As an example, January of the year 2018 has been taken, from which all the data will be extracted.

In [4]:
# Create a list of months' number
list_month = [num for num in range(1,13)]

for month in list_month:

    # URL of the webpage to be downloaded
    url_page = f"https://www.timeanddate.com/calendar/custom.html?year={year}&month={month}&country=1&typ=1&cols=1&display=1&df=1&hol=1"

    # Make a GET request to the webpage
    response = requests.get(url_page)

    # Print the page's code
    # print(response.text)

    # -------------------------------------------------------------------------------------------------------------------------------------
    # Use BeautifulSoup to parse the HTML content of the webpage
    soup = BeautifulSoup(response.content, "html.parser")

    # -------------------------------------------------------------------------------------------------------------------------------------
    # Identify the content of the table
    table_content = soup.find_all("td", class_="cbm cba cmi")[0]

    # Identify the dimensions
    nrow_table = len(table_content.find_all("tr")) # each row of the table is identified with "tr", including the header
    ncol_table = len(table_content.find_all("thead")[0].find_all("td"))

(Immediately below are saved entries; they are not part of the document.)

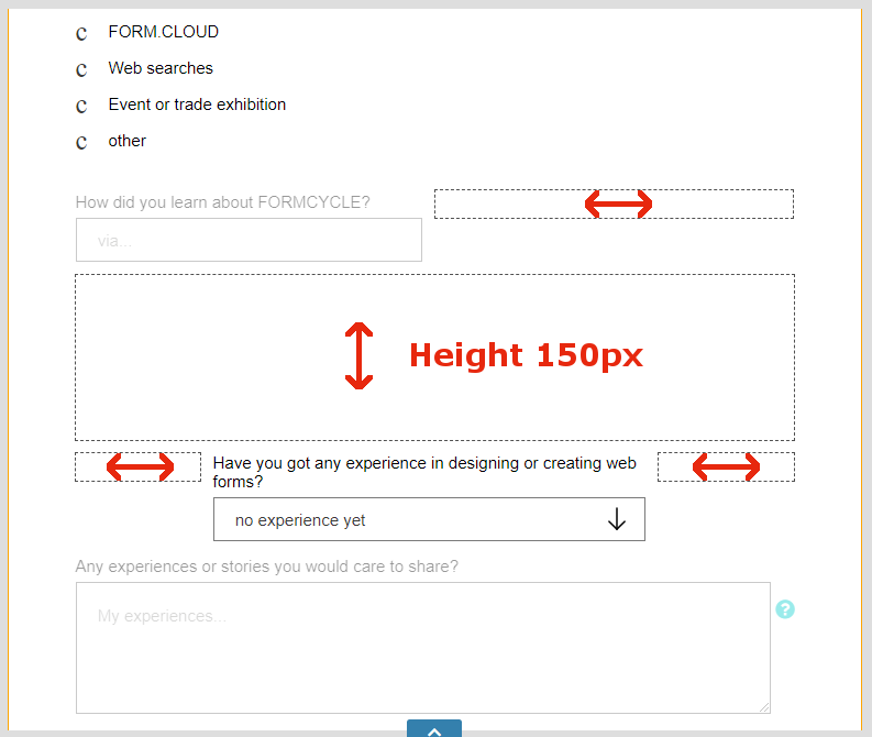 The form element spacer inserts a spacer in the current form and is a pure design element. It can be used to add gaps between elements.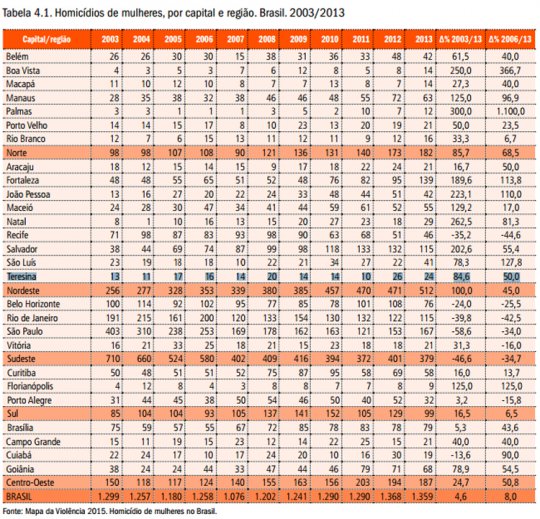 De acordo com a publicação, em Teresina foram registradas - no ano de 2013 - 5,5 homicídios para cada 100 mil mulheres. Com isso, Teresina ocupa a sexta menor posição dentre as capitais quanto ao percentual de mortes violentas. O aumento proporcional foi de 65,1%. O estado do Piauí teve 32 mortes em 2003 e em uma década o número saltou para 47 homicídios. O aumento em números absolutos foi de 46,9%.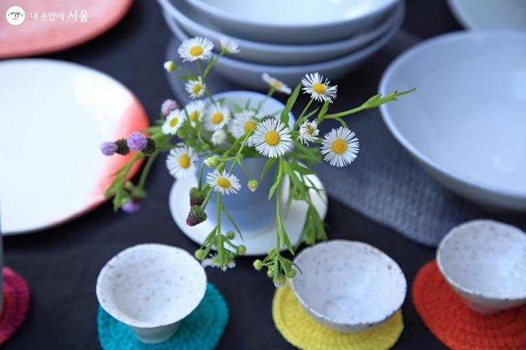 초록빛 자연이 도심 풍경에 생기를 불어넣도록 하자는 그린테이블 캠페인. 도자기 장인이 빚은 그릇에 자연이 담겨 있다. ⓒ이선미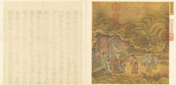 取材于唐人小说“柳毅传书”的情节,为龙王率众侍从出门迎请柳毅的画面。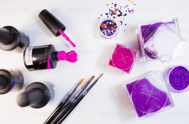 Студия красоты. Материалы для маникюра на белом фоне. Кисти, пайетки, гель-лак розовый

    # -------------------------------------------------------------------------------------------------------------------------------------
    # Create a list containing the weekdays
    weekdays = (table_content.find_all("thead")[0].find_all("td"))*(nrow_table-1)
    weekdays = [weekdays[x].text for x in range(len(weekdays))]

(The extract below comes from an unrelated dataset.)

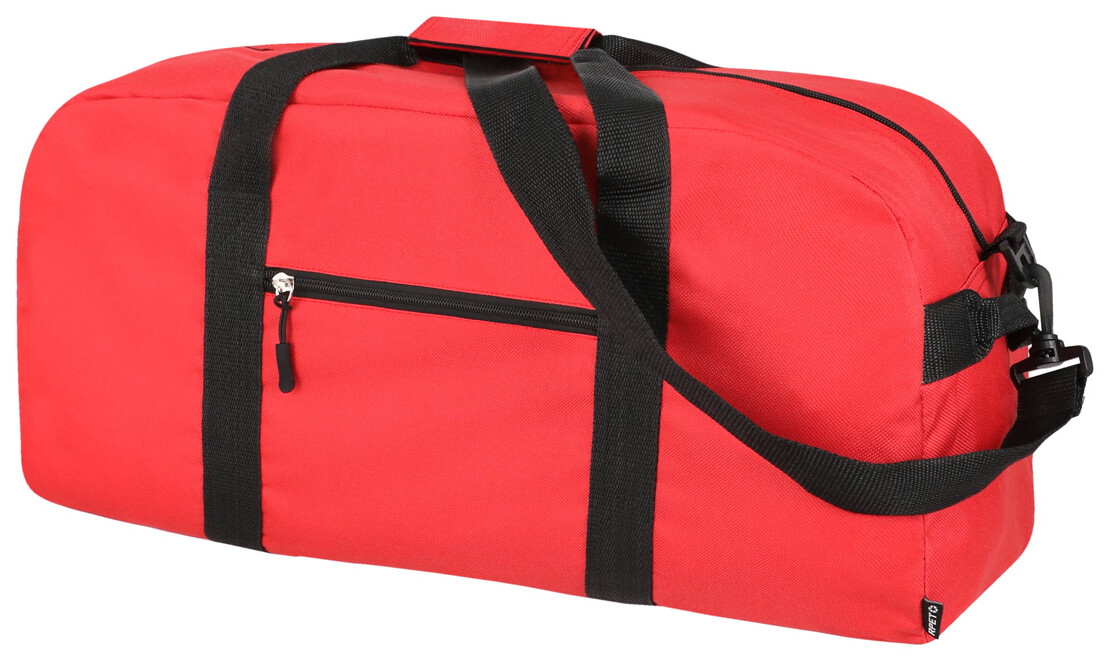 Sportovní taška RPET s hlavními přihrádkami na zip a přední kapsou, nastavitelný ramenní popruh. Polyester 600D RPET, s výrazným štítkem RPET.
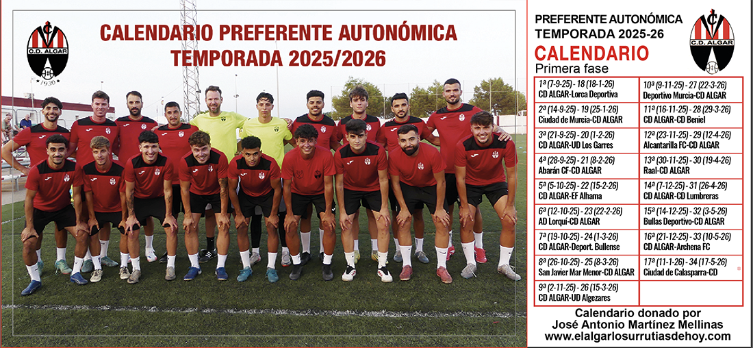 El calendario de la temporada 2025/26 del grupo único Preferente Autonómica ha deparado que el equipo rojiblanco comience la fase regular en el campo Sánchez Luengo en el fin de semana del 7 de septiembre para en la segunda jornada viajar al terreno de juego del CAP Ciudad de Murcia. El final de la competición tendrá lugar el 17 de mayo con el partido como local contra Ciudad de Calasparra.

    # Re-code the weekdays
    weekdays = [recode_days[value] for value in weekdays if value in recode_days]

    # Create a list containing the holidays of the month
    find_holidays = table_content.find_all("div", class_="ccd co1")
    holidays = [int(hol.text) for hol in find_holidays]

    # -------------------------------------------------------------------------------------------------------------------------------------
    # Create a list containing the number of days of the month
    numb = [0]*((nrow_table-1)*ncol_table)
    numb = [table_content.find_all("td")[iter+ncol_table].text for iter in range(len(numb))]

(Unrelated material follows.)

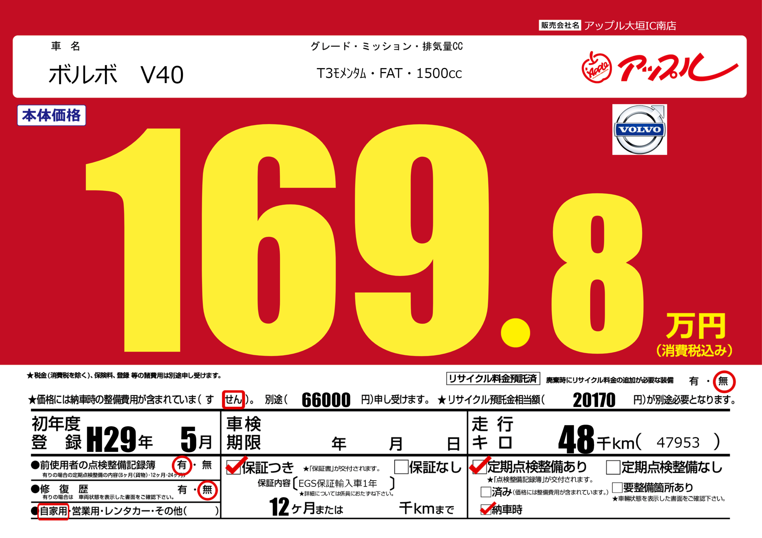 | 車名 | ボルボ V40 | グレード ミッション 排気量 |

    # Format the values, create the date, and the Flag_Holiday field (if the day is a holiday or not)
    date = numb.copy()
    Flag_Holiday = numb.copy()
    for i in range(len(numb)):
        if numb[i]=="\xa0": # Empty cell
            date[i]=None 
        else:
            numb[i] = int(numb[i]) # Cell containing the day number
            date[i] = datetime(year=year, month=month, day=numb[i]).strftime('%Y-%m-%d')
            if numb[i] in holidays:
                Flag_Holiday[i] = True 
            else:
                Flag_Holiday[i] = False

    # -------------------------------------------------------------------------------------------------------------------------------------
    # Create the Dataset
    calendar_month = pd.DataFrame({'Date':date, 'Day': weekdays, 'Flag_Holiday': Flag_Holiday}).dropna().reset_index().drop('index', axis=1)

    if calendar.empty == True:
        calendar = calendar_month
    else:
        calendar = pd.concat([calendar,calendar_month])


## Export Data
Export data in a csv file.

In [9]:
calendar.to_csv('Calendar.csv', index=False)